In my real data, there are 8 or more variables and they are not hierarchical like city and state, so it would be not practical to do individual joins on each criteria type.

Table 1: Population Being Considered
image

Table 2: Reference of Average Income by Geography
image

1 Like

Hi @Ilya2004
i recommend to split your tables in 3 parts

part1) country, state and city available
part2) country and state available
part3) country available

join the tables based on their key information and append them finaly to one table.
This is in my opinion the simplest way.

BR

Yes, but the real table has 8 columns, and there is no pattern as to which data is available, so there could be a total of 8 x 7 x 6 x 5 x 4 x 3 x 2 different combinations of columns, potentially.

Ok, i unterstand.
Did you checked if replacing missing values with a keyword e.g. ‘unknown’ for your key columns is applicable. In this csae joiner node should be able to handle all combinations.

How would that work?

for each table create ID column like ID= contry + state + city + … than join by ID

2 Likes

Hello:
" I would like to estimate the income of each individual, and I would want to be the most accurate to use all of the information that is available - so if their city is available, it will give me a better estimate than if I use country data. "
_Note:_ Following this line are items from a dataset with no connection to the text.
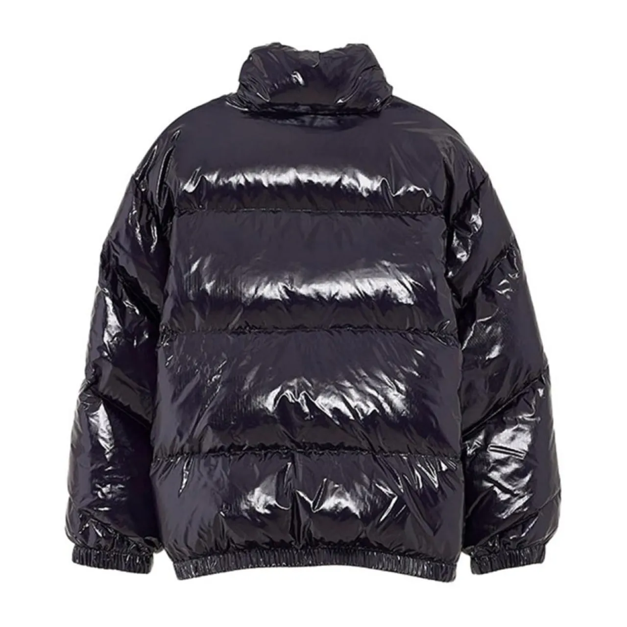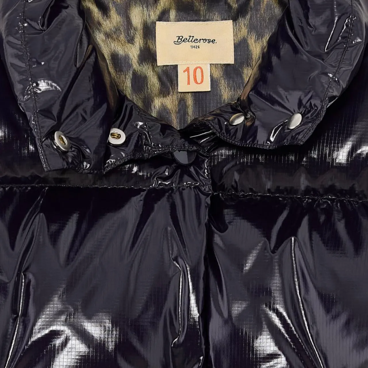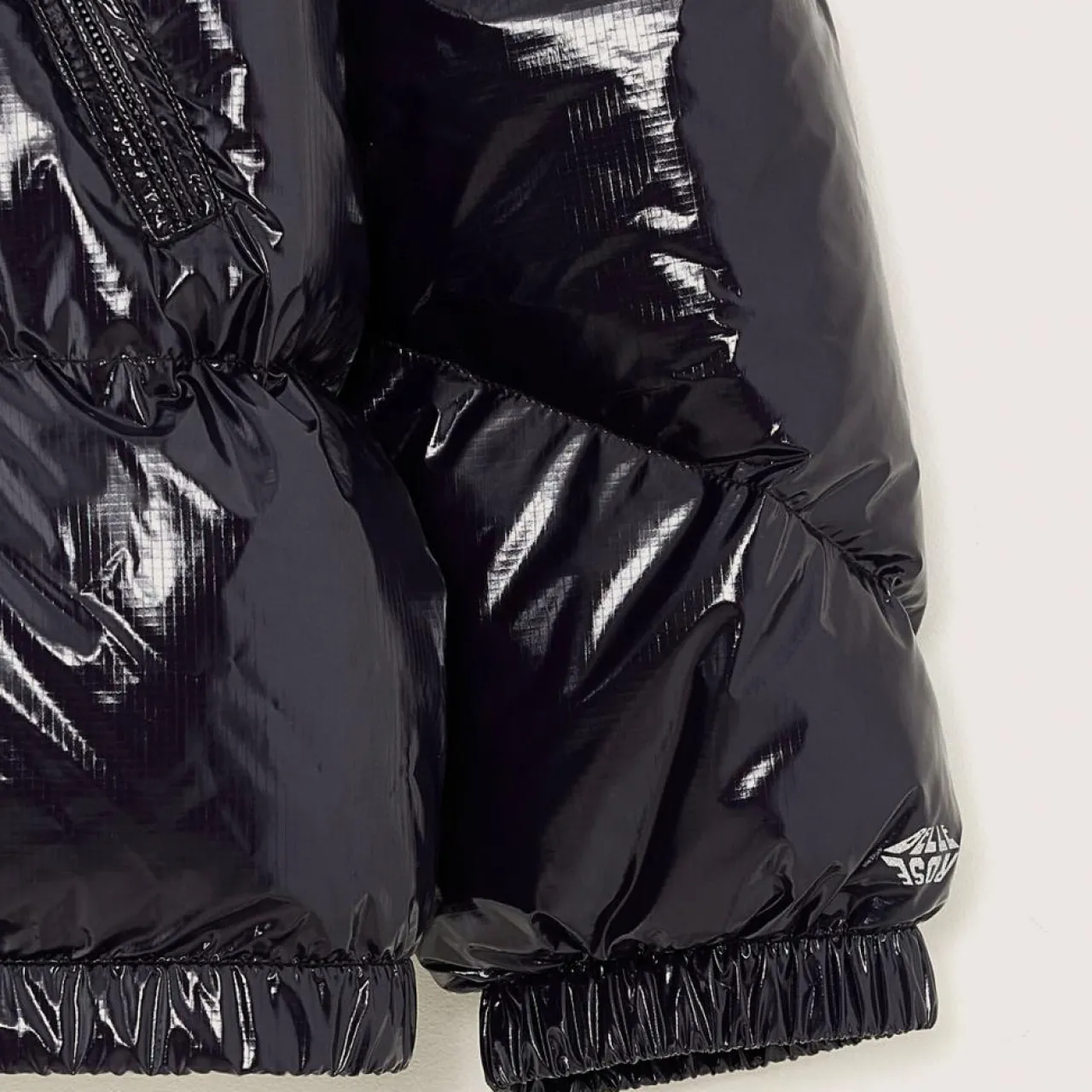Doudoune bleue avec zip avant et boutons-pression dans le bas permettant d’ajuster la longueur d’une coupe classique à une coupe courte
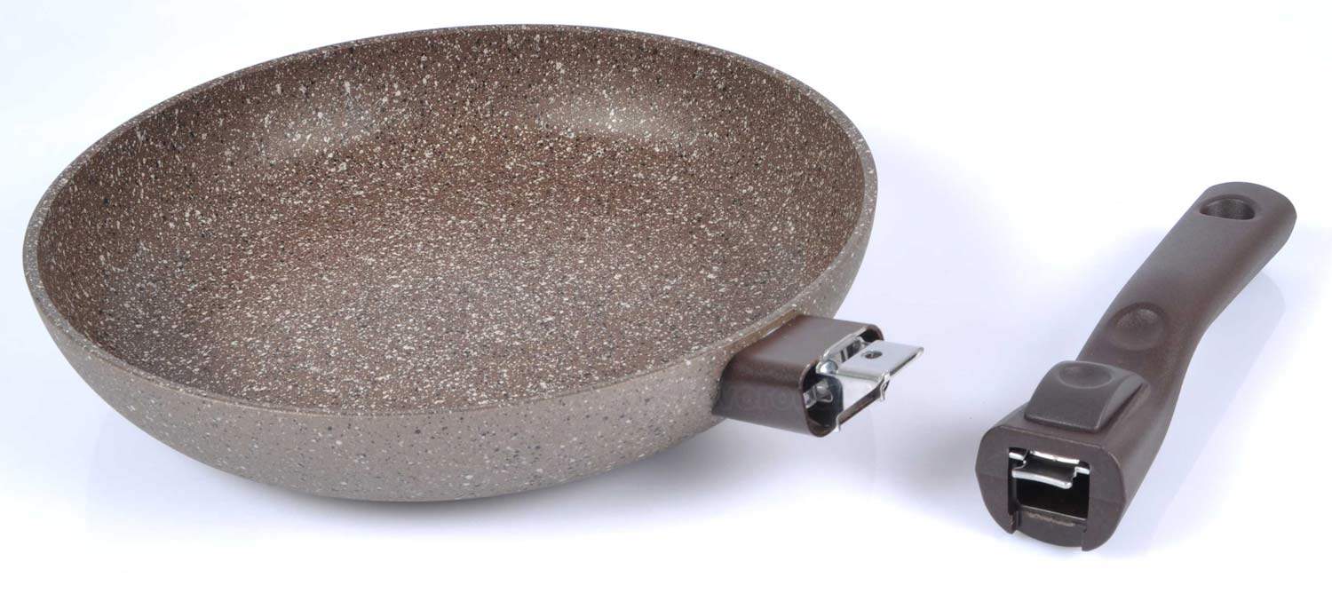 Сковорода со съемной ручкой 26см диаметр дна — 19cм, высота стенки — 5см, толщина дна — 7.5мм, толщина стенки — 4.5мм;
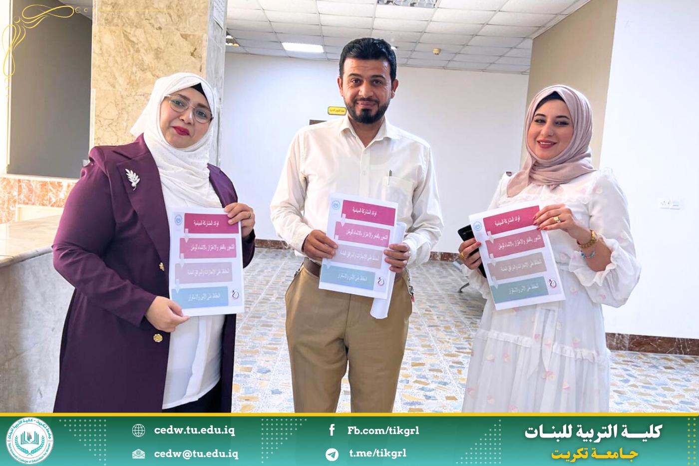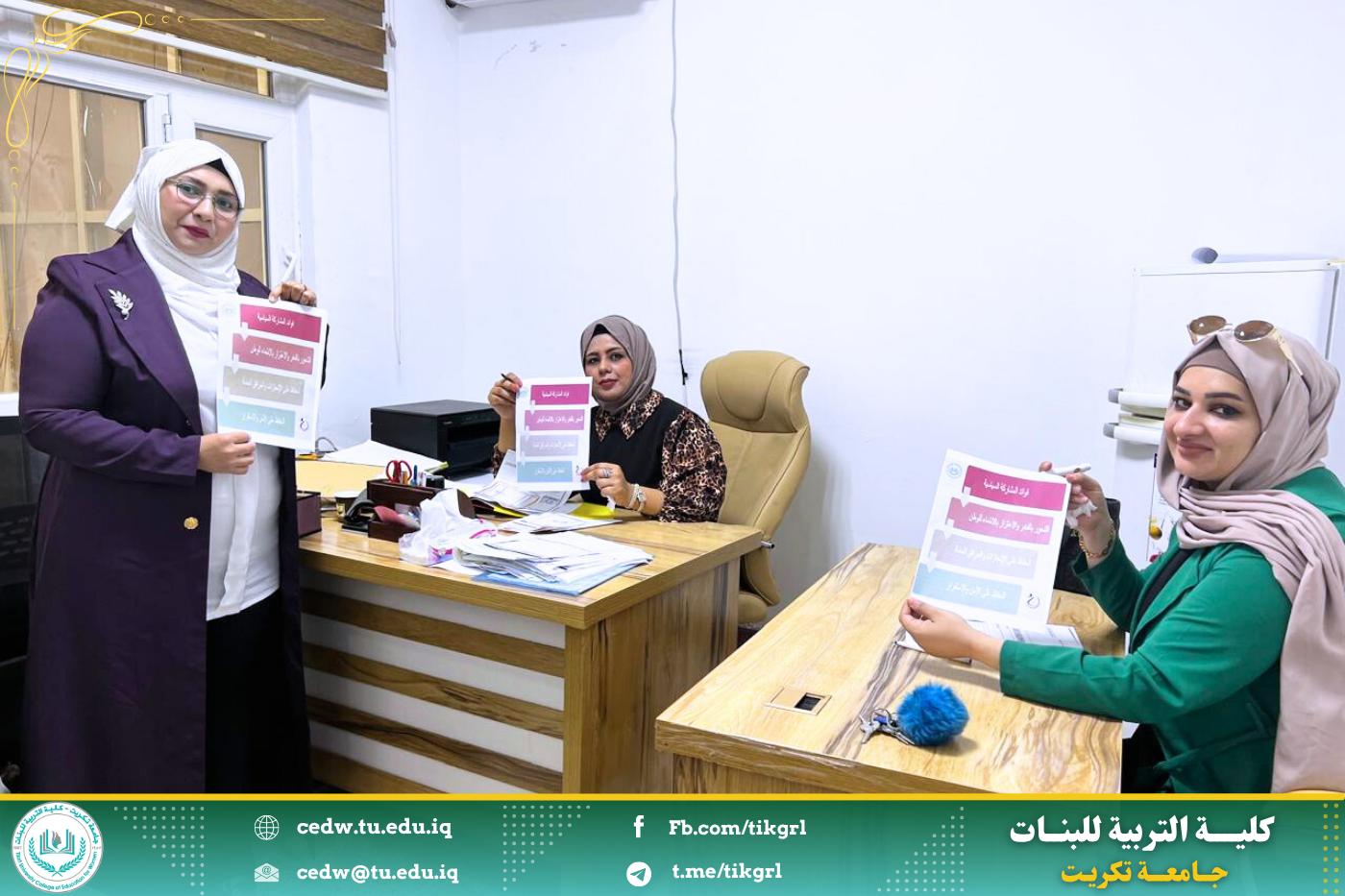 تنفيذاً لتوجيهات وزارة التعليم العالي والبحث العلمي، نظّمت وحدة شؤون المرأة في كلية التربية للبنات، اليوم الأربعاء الموافق 23 /7/ 2025، حملة توعوية تطوعية حملت شعار “السياسة مسؤوليتنا.. والمشاركة حقنا”، واستهدفت موظفي وموظفات الكلية من تدريسيين وتدريسيات وطلبة، بهدف تعزيز الوعي المجتمعي بأهمية المشاركة في العملية الانتخابية.

I interpret the above as meaning, Please give a higher confidence level when more geographical information for a person. So, if we have a country + state + city, then would have a higher confidence level than it we just had a country + state or just a country.

Assuming that this is what you mean (?), I added a confidence level column to each table (called “conf”). The tables look like this, sorted by country + state + city. As shown in the 2 spreadsheets, one for population and one for geography (the latter includes income).

Now as to which type of join to use, I used what I call a left join, and if you want, you can have one result for high confidence levels (conf = country + state + city), another for a conf of 2, and another for a confidence level of 1.

I do not know knime well enough to do this in knime, but here are results from postgreSQL and the basic code:

create table public.conf1 as SELECT
r1.name as mname,
r1.conf as conf1, r1.country as co1, r1.state as st1, r1.city as ci1,
r2.conf, r2.country, r2.state, r2.city, r2.inc
FROM pop r1
LEFT JOIN geog2 r2
ON r1.conf || r1.country || r1.state || r1.city
= r2.conf || r2.country || r2.state || r2.city
–where r1.conf = ‘3’)
order by r1.conf desc

Here is a result, for conf level = 3, exported from postgreSQL into excel. For clarity, I have included the duplicative fields from the left and the right tables, although a briefer, more-to-the-point report would leave out these fields.

conf1.xlsx (13.2 KB)

More culling could be done, so that only one only gets the highest confidence levels. But this really depends on what the end user wants.

A more complete starting point would be for the end user to not only provide the 2 initial tables, as they have done, but to also provide a hypothetical table that exactly what the hoped for table(s) would look like?

Perhaps someone else will show how to do the above postgreSQL in knime?

Thank you,
Steve Elster

pop.xlsx (9.9 KB)

geog.xlsx (12.8 KB)

1 Like

Hi,
i think that the best solution is to create a unique ID by concatenating all the variables; where null, you can replace them with a placeholder, like “N/A”.

Missing join.knwf (702.9 KB)

Luca

2 Likes

This topic was automatically closed 182 days after the last reply. New replies are no longer allowed.